Your task is to write out every line of the data exactly. Drop the pictures.

-=-=-=-=-

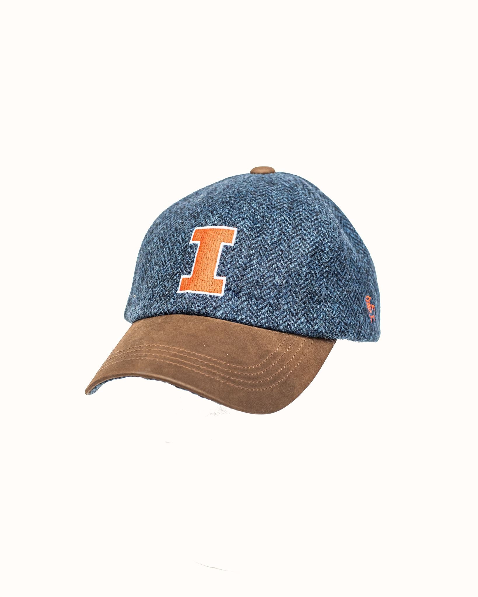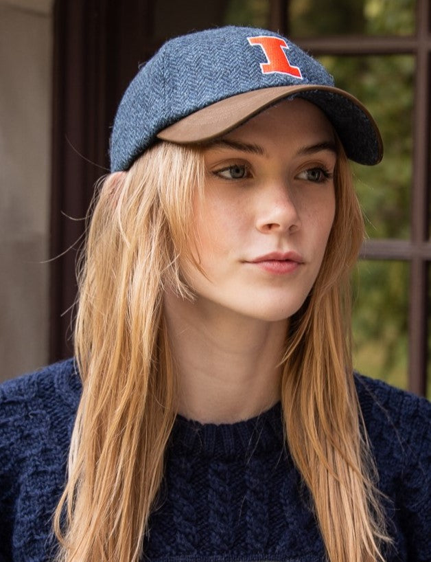 Blue Herringbone Wool Baseball Cap with Leather Bill
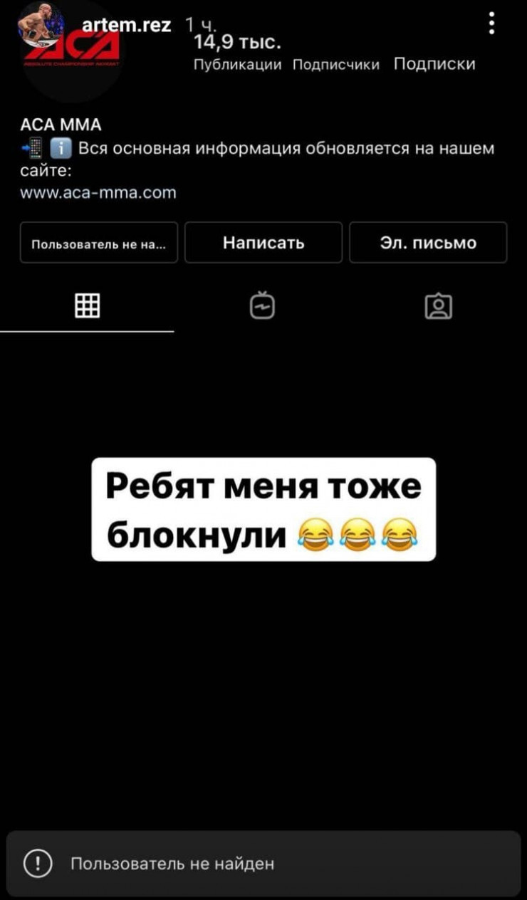Известный казахстанский боец Артем Резников сообщил, что базирующаяся в Грозном лига Absolute Championship Akhmat (ACA) заблокировала его в социальной сети, сообщает Tengrinews.kz со ссылкой на Vesti.kz.
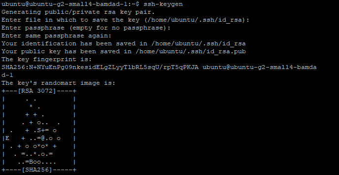 سپس از شما خواسته می‌شود مسیر کلید را تایید کنید. برای این کار Enter بزنید و در مرحله‌ی بعد که یک Passphrase برای کلید از خواسته می‌شود مجدد Enter بزنید تا Passphraseای برای آن انتخاب نشود.
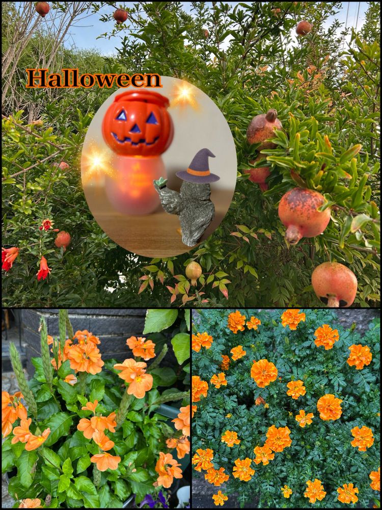 【今日のお花:カボチャ】透かしホオヅキ、ミズヒキ、アジサイ、ザクロ、クロッサンドラ、マリーゴールド
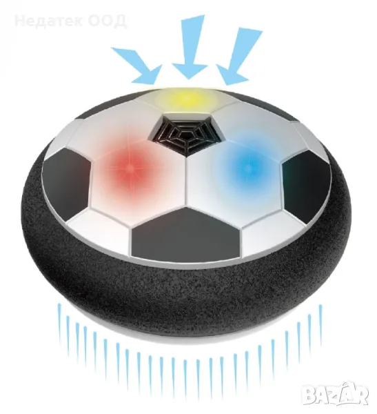 Футболен комплект с въздушна топка, която плува върху всяка гладка повърхност и 2 врати, червени и зелени, 30x20 см с мрежа, фиксирана отдолу с вендузи. За вътрешна и външна употреба. Работи с 4 AA батерии (не са включени).
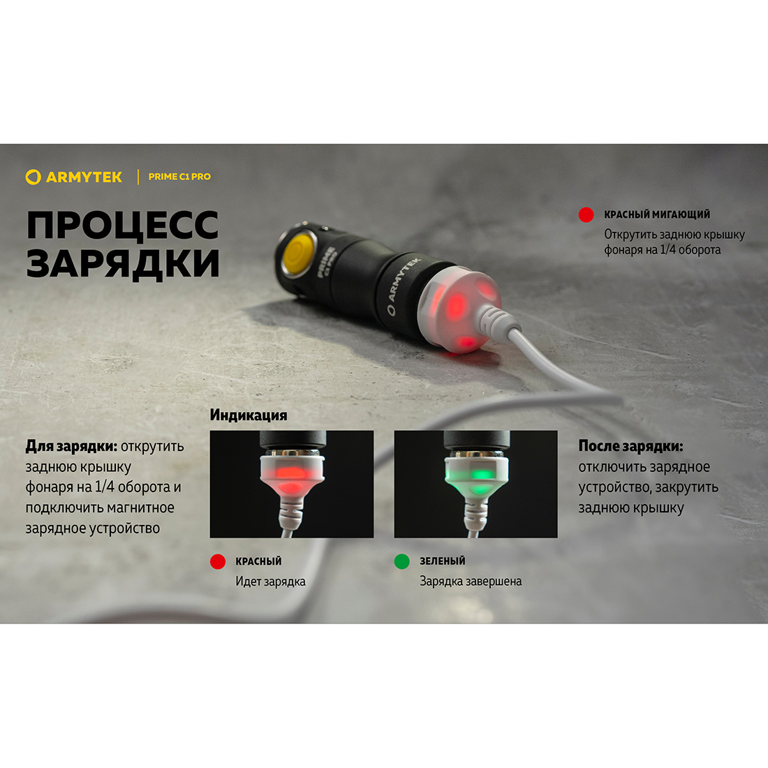 - Многоцветная индикация температуры, уровня заряда и состояния.
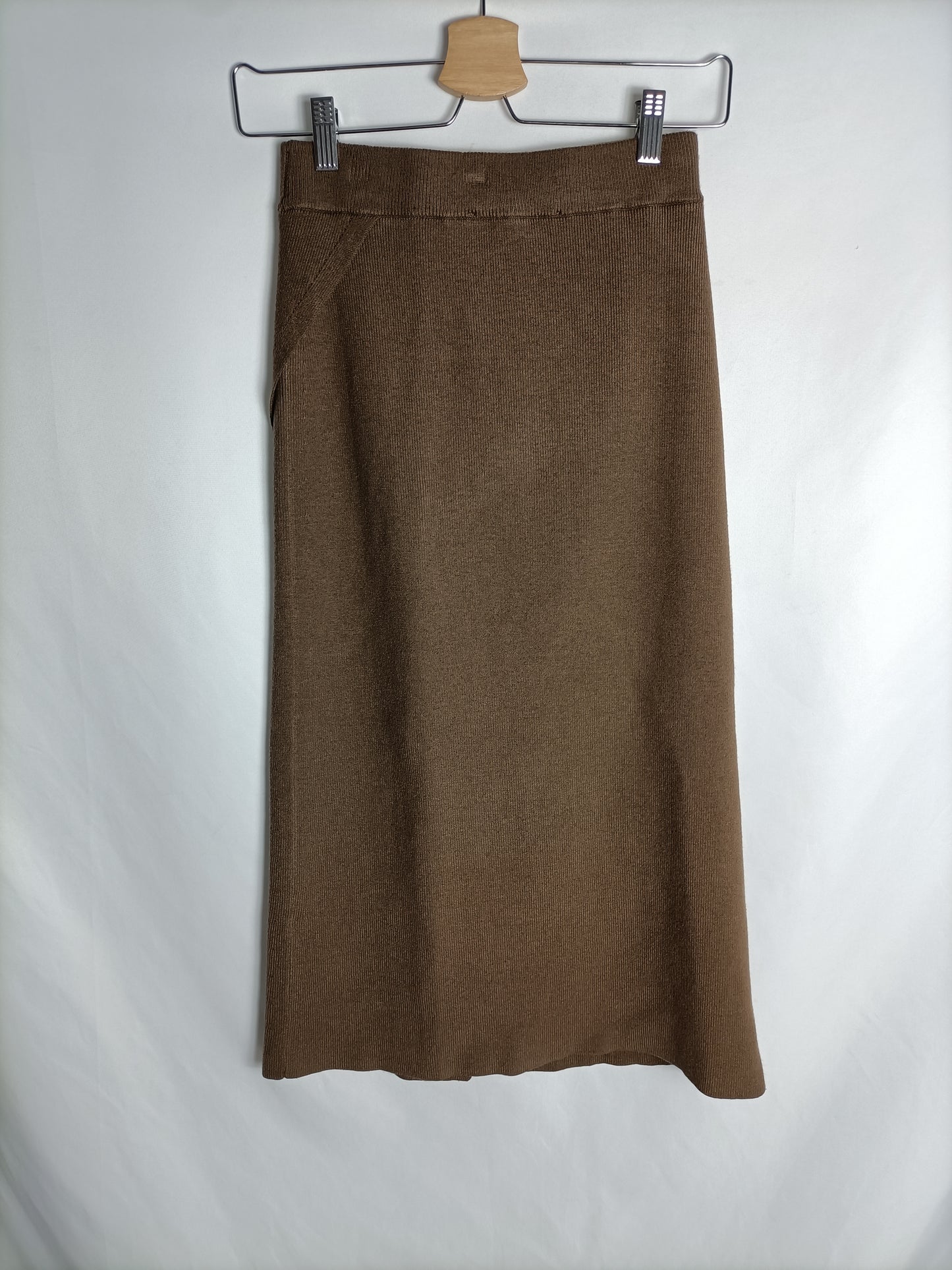ZARA. Falda de punto marrón T.s
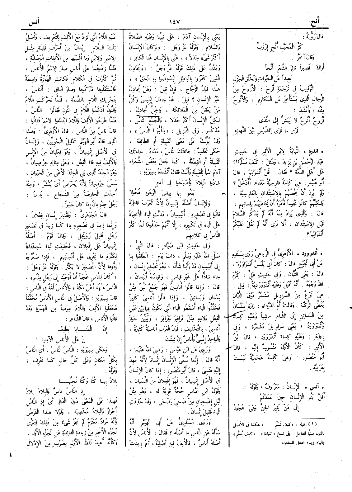 ( أنس ) الإِنسان معروف وقوله أَقَلْ بَنو الإِنسانِ حين عَمَدْتُمُ إِلى من يُثير الجنَّ وهي هُجُودُ يعني بالإِنسان آدم على نبينا وعليه الصلاة والسلام وقوله عز وجل وكان الإِنسانُ أَكْثَرَ شيء جَدَلاً عنى بالإِنسان هنا الكافر ويدل على ذلك قوله عز وجل ويُجادِلُ الذين كفروا بالباطل لِيُدْحِضُوا به الحقَّ هذا قول الزجّاج فإِن قيل وهل يُجادل غير الإِنسان ؟ قيل قد جادل إِبليس وكل من يعقل من الملائكة والجنُّ تُجادل لكن الإِنسان أَكثر جدلاً والجمع الناس مذكر وفي التنزيل يا أَيها الناسُ وقد يؤنث على معنى القبيلة أَو الطائفة حكى ثعلب جاءَتك الناسُ معناه جاءَتك القبيلة أَو القطعة كما جعل بعض الشعراء آدم اسماً للقبيلة وأَنت فقال أَنشده سيبويه شادوا البلادَ وأَصْبَحوا في آدمٍ بَلَغوا بها بِيضَ الوُجوه فُحُولا والإِنسانُ أَصله إِنْسِيانٌ لأَن العرب قاطبة قالوا في تصغيره أُنَيْسِيانٌ فدلت الياء الأَخيرة على الياء في تكبيره إِلا أَنهم حذفوها لما كثر الناسُ في كلامهم وفي حديث ابن صَيَّاد قال النبي صلى اللَّه عليه وسلم ذاتَ يوم انْطَلِقوا بنا إِلى أُنَيسيانٍ قد رأَينا شأْنه وهو تصغير إِنسان جاء شاذّاً على غير قياس وقياسه أُنَيْسانٌ قال وإِذا قالوا أَناسينُ فهو جمع بَيِّنٌ مثل بُسْتانٍ وبَساتينَ وإِذا قالوا أَناسي كثيراً فخففوا الياء أَسقطوا الياء التي تكون فيما بين عين الفعل ولامه مثل قَراقيرَ وقراقِرَ ويُبَيِّنُ جواز أَناسي بالتخفيف قول العرب أَناسيَة كثيرة والواحدُ إِنْسِيٌّ وأُناسٌ إِن شئت وروي عن ابن عباس رضي اللَّه عنهما أَنه قال إِنما سمي الإِنسان إِنساناً لأَنه عهد إِليه فَنَسيَ قال أَبو منصور إِذا كان الإِنسان في الأَصل إِنسيانٌ فهو إِفْعِلانٌ من النِّسْيان وقول ابن عباس حجة قوية له وهو مثل لَيْل إِضْحِيان من ضَحِيَ يَضْحَى وقد حذفت الياء فقيل إِنْسانٌ وروى المنذري عن أَبي الهيثم أَنه سأَله عن الناس ما أَصله ؟ فقال الأُناس لأَن أَصله أُناسٌ فالأَلف فيه أَصيلة ثم زيدت عليه اللام التي تزاد مع الأَلف للتعريف وأَصل تلك اللام

-=-=-=-=-

== RESULT FOR THIS TASK ==
 Blue Herringbone Wool Baseball Cap with Leather Bill
Известный казахстанский боец Артем Резников сообщил, что базирующаяся в Грозном лига Absolute Championship Akhmat (ACA) заблокировала его в социальной сети, сообщает Tengrinews.kz со ссылкой на Vesti.kz.
 سپس از شما خواسته می‌شود مسیر کلید را تایید کنید. برای این کار Enter بزنید و در مرحله‌ی بعد که یک Passphrase برای کلید از خواسته می‌شود مجدد Enter بزنید تا Passphraseای برای آن انتخاب نشود.
 【今日のお花:カボチャ】透かしホオヅキ、ミズヒキ、アジサイ、ザクロ、クロッサンドラ、マリーゴールド
 Футболен комплект с въздушна топка, която плува върху всяка гладка повърхност и 2 врати, червени и зелени, 30x20 см с мрежа, фиксирана отдолу с вендузи. За вътрешна и външна употреба. Работи с 4 AA батерии (не са включени).
 - Многоцветная индикация температуры, уровня заряда и состояния.
ZARA. Falda de punto marrón T.s
 ( أنس ) الإِنسان معروف وقوله أَقَلْ بَنو الإِنسانِ حين عَمَدْتُمُ إِلى من يُثير الجنَّ وهي هُجُودُ يعني بالإِنسان آدم على نبينا وعليه الصلاة والسلام وقوله عز وجل وكان الإِنسانُ أَكْثَرَ شيء جَدَلاً عنى بالإِنسان هنا الكافر ويدل على ذلك قوله عز وجل ويُجادِلُ الذين كفروا بالباطل لِيُدْحِضُوا به الحقَّ هذا قول الزجّاج فإِن قيل وهل يُجادل غير الإِنسان ؟ قيل قد جادل إِبليس وكل من يعقل من الملائكة والجنُّ تُجادل لكن الإِنسان أَكثر جدلاً والجمع الناس مذكر وفي التنزيل يا أَيها الناسُ وقد يؤنث على معنى القبيلة أَو الطائفة حكى ثعلب جاءَتك الناسُ معناه جاءَتك القبيلة أَو القطعة كما جعل بعض الشعراء آدم اسماً للقبيلة وأَنت فقال أَنشده سيبويه شادوا البلادَ وأَصْبَحوا في آدمٍ بَلَغوا بها بِيضَ الوُجوه فُحُولا والإِنسانُ أَصله إِنْسِيانٌ لأَن العرب قاطبة قالوا في تصغيره أُنَيْسِيانٌ فدلت الياء الأَخيرة على الياء في تكبيره إِلا أَنهم حذفوها لما كثر الناسُ في كلامهم وفي حديث ابن صَيَّاد قال النبي صلى اللَّه عليه وسلم ذاتَ يوم انْطَلِقوا بنا إِلى أُنَيسيانٍ قد رأَينا شأْنه وهو تصغير إِنسان جاء شاذّاً على غير قياس وقياسه أُنَيْسانٌ قال وإِذا قالوا أَناسينُ فهو جمع بَيِّنٌ مثل بُسْتانٍ وبَساتينَ وإِذا قالوا أَناسي كثيراً فخففوا الياء أَسقطوا الياء التي تكون فيما بين عين الفعل ولامه مثل قَراقيرَ وقراقِرَ ويُبَيِّنُ جواز أَناسي بالتخفيف قول العرب أَناسيَة كثيرة والواحدُ إِنْسِيٌّ وأُناسٌ إِن شئت وروي عن ابن عباس رضي اللَّه عنهما أَنه قال إِنما سمي الإِنسان إِنساناً لأَنه عهد إِليه فَنَسيَ قال أَبو منصور إِذا كان الإِنسان في الأَصل إِنسيانٌ فهو إِفْعِلانٌ من النِّسْيان وقول ابن عباس حجة قوية له وهو مثل لَيْل إِضْحِيان من ضَحِيَ يَضْحَى وقد حذفت الياء فقيل إِنْسانٌ وروى المنذري عن أَبي الهيثم أَنه سأَله عن الناس ما أَصله ؟ فقال الأُناس لأَن أَصله أُناسٌ فالأَلف فيه أَصيلة ثم زيدت عليه اللام التي تزاد مع الأَلف للتعريف وأَصل تلك اللام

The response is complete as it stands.